Nun also viel Jubel um den neuen Spielfilm von Sebastian Schipper. Dazu gab’s schon Auszeichnungen: Silberner Bär für Kameramann Sturla Brandth Grøvlen und Preis der Gilde Deutscher Filmkunsttheater für Regisseur Schipper, obendrein gleich sieben Nominierungen für den Deutschen Filmpreis 2015, der am 19. Juni vergeben wird.

Die Story, die der Film erzählt, ist klein: Victoria (Laia Costa), Spanierin in Berlin, trifft auf eine Clique von vier Jungs (Frederick Lau, Franz Rogowski, Burak Yigit, Max Mauff). Vergnügen ist das Motto der Nacht. Doch weil das Kerl-Quartett dringend Schuld bei einem Gauner (André Hennicke) abtragen muss, kommt es zu einem Verbrechen – und damit zu keinem rosarot-schönen Morgen danach.

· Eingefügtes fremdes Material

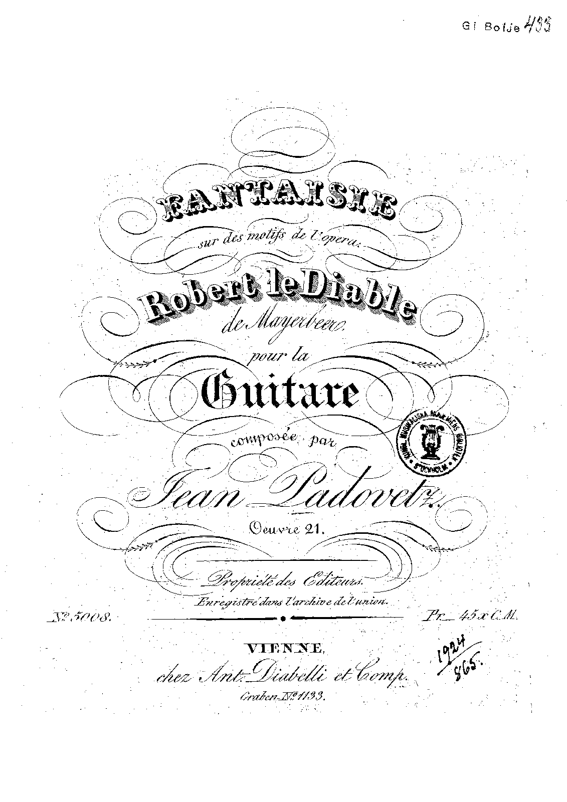 | Alternative. Title | Fantaisie sur des motifs de l'opera Robert le Diable de Mayerbeer pour la Guitare |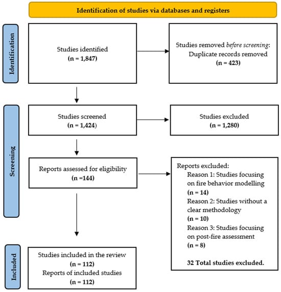 Figure 1 presents the PRISMA flowchart detailing the systematic research process from identification through final inclusion analysis (see Supplementary Material S1—PRISMA Checklist). The initial search across five major academic databases (Web of Science Core Collection, Scopus, ScienceDirect, Google Scholar, and regional databases) yielded 1847 potentially relevant studies. Of 1424 non-duplicate papers, 112 (7.9%) met all inclusion criteria. This selection rate reflects the study’s focus on methodologically rigorous assessments with clear indicator specifications and validation approaches. Through the screening, 144 eligible studies was selected and proceeded for further analysis (see Appendix A Table A1). Excluded studies primarily lacked methodological detail (n = 892), focused on post-fire assessment rather than risk prediction (n = 234), or were purely theoretical without empirical application (n = 186).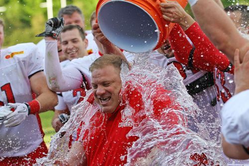 Wasserdusche für Defense Coordinator Florian Darnehl, der am Spieltag 39 Jahre jung wurde. Foto: Kugel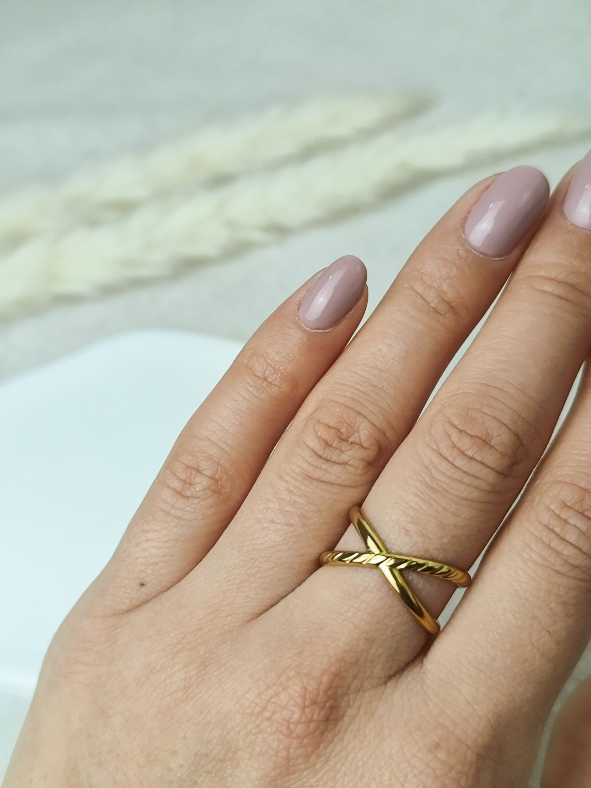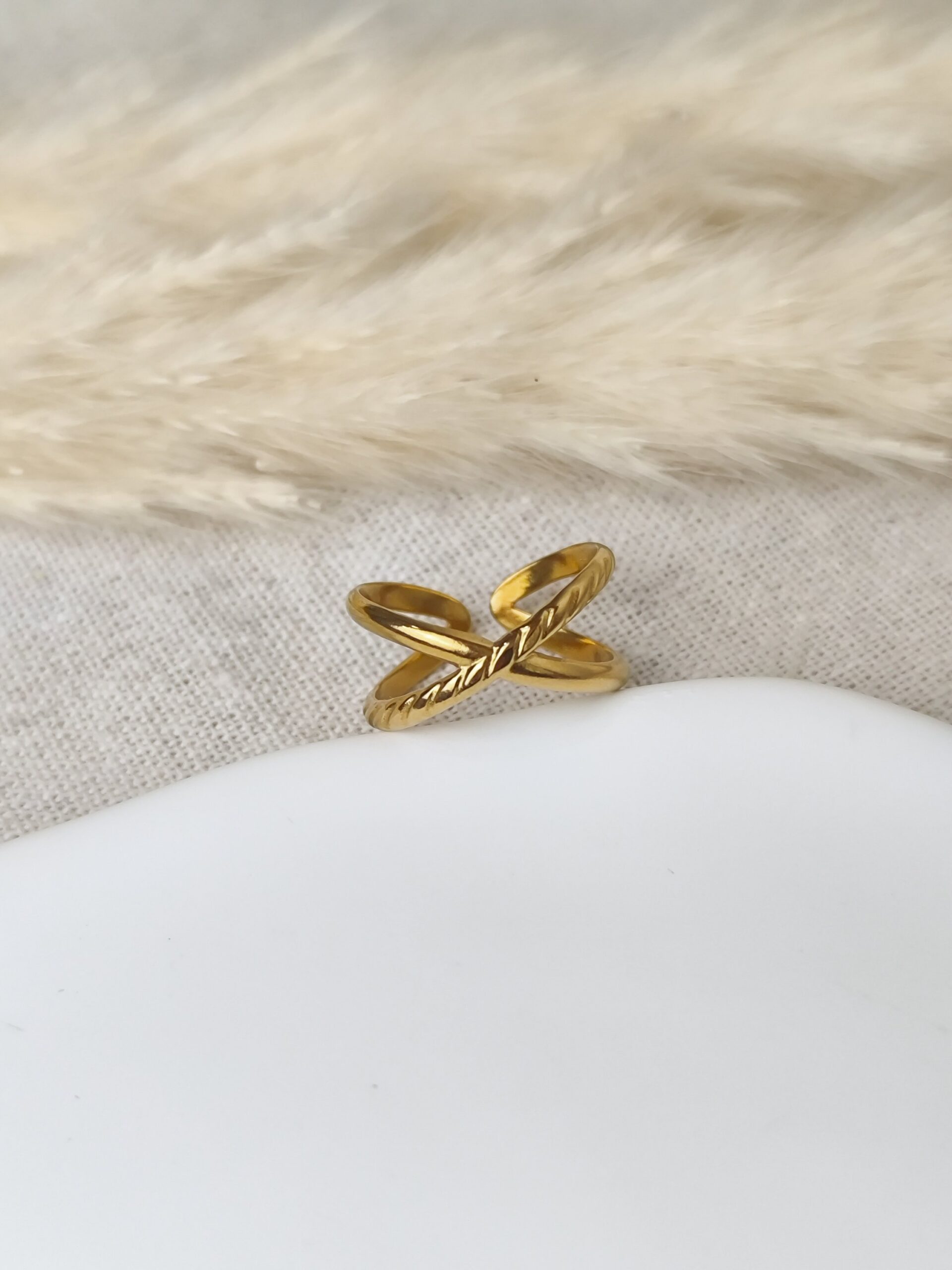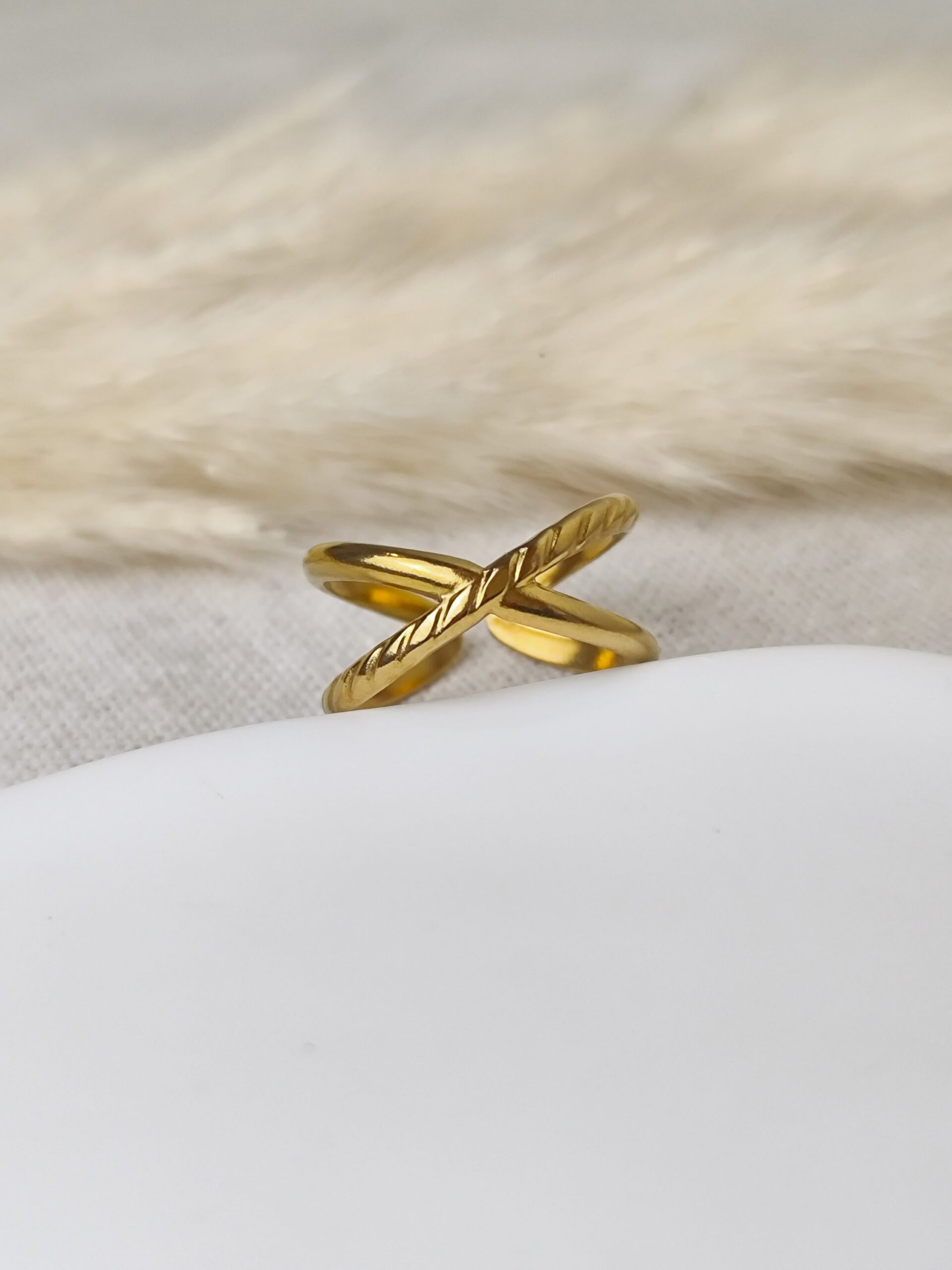 Com um design cruzado de linhas suaves e textura finamente trabalhada, esta peça cria um jogo elegante de volumes e reflexos, revelando um brilho quente e envolvente.

Viel beklatschter Clou des Films: er wurde in einem Atemzug gedreht, keine Schnitte sorgen für Rhythmus und Tempo, sondern allein die Agilität der Akteure und der Kamera. Das ist virtuos. Und das ist schick. Einen wirklichen Gewinn für den Zuschauer aber bringt das nicht. Denn: Gute Filme haben einen solchen Sog, dass Schnitte und damit Zeitsprünge für die Rezeption, die Faszination, überhaupt keine Rolle in dem Sinn spielen, dass jemand im Publikum denkt, „Ah, was für ein toller Schnitt“. Die Kunst des Kinos ist es ja gerade, durch Schnitt/ Montage das Auditorium im Sinne von Autor/ Regisseur zu manipulieren, mitzureißen, die Zeit vergessen zu lassen. Im Grunde erteilt Schipper also der Filmkunst eine Absage. Man kann nur hoffe, dass ihm nicht allzu viele folgen. Denn, ja, wie er’s macht, das ist effektvoll.

Mehr als zwei Stunden dauert die Raserei durch die Nacht und wird nie langweilig. Es ist zweifellos großartig, wie die digitalen Möglichkeiten es erlauben, mit nur einer Plansequenz die gesamte Geschichte zu erzählen. Aber das ist gar nicht das Entscheidende. Das ist formal neckisch und lässt einen kurz staunen. Das Wesentliche liegt in der Geschichte (und den gezeigten Charakteren): Schipper und Team gelingt es nämlich, ganz unaufgeregt, die Generation der Hilflosen zu porträtieren. Sämtliche Protagonisten gehören zu jenen, deren Zukunft nicht mal mehr vage vorauszusehen ist, weshalb eine grundsätzliche Unsicherheit den Alltag prägt. Die Lichtgestaltung, die oft zufällig und den Umständen entsprechend anmutet (was sie garantiert nicht ist, sondern überaus ausgeklügelt) und die Dialoge, scheinbar von Improvisationen geprägt, und darum „authentisch“ anmutend, vermitteln einem als Kinobesucher den Eindruck, realem Geschehen beizuwohnen. Die Intensität der Akteure (Laia Costa und Frederick Lau allen voran) sorgt für den notwendigen emotionalen Spannungsbogen. Man verlässt das Kino tatsächlich atemlos.

Und, klar: Der Ruf Berlins als d i e Metropole der so genannten westlichen Welt wird aufs Schönste bekräftigt. Ganz nebenbei dürfte der Film prima als Werbung funktionieren, jedenfalls bei denen, die Berlin als Party-Hochburg genießen möchten. Wer in Berlin lebt und arbeitet, entdeckt, wenn nicht mehr jung und hipp, eine fremde Welt – und ist möglicherweise ein wenig beunruhigt, wie fremd einem das, was man zu kennen glaubt, sein kann.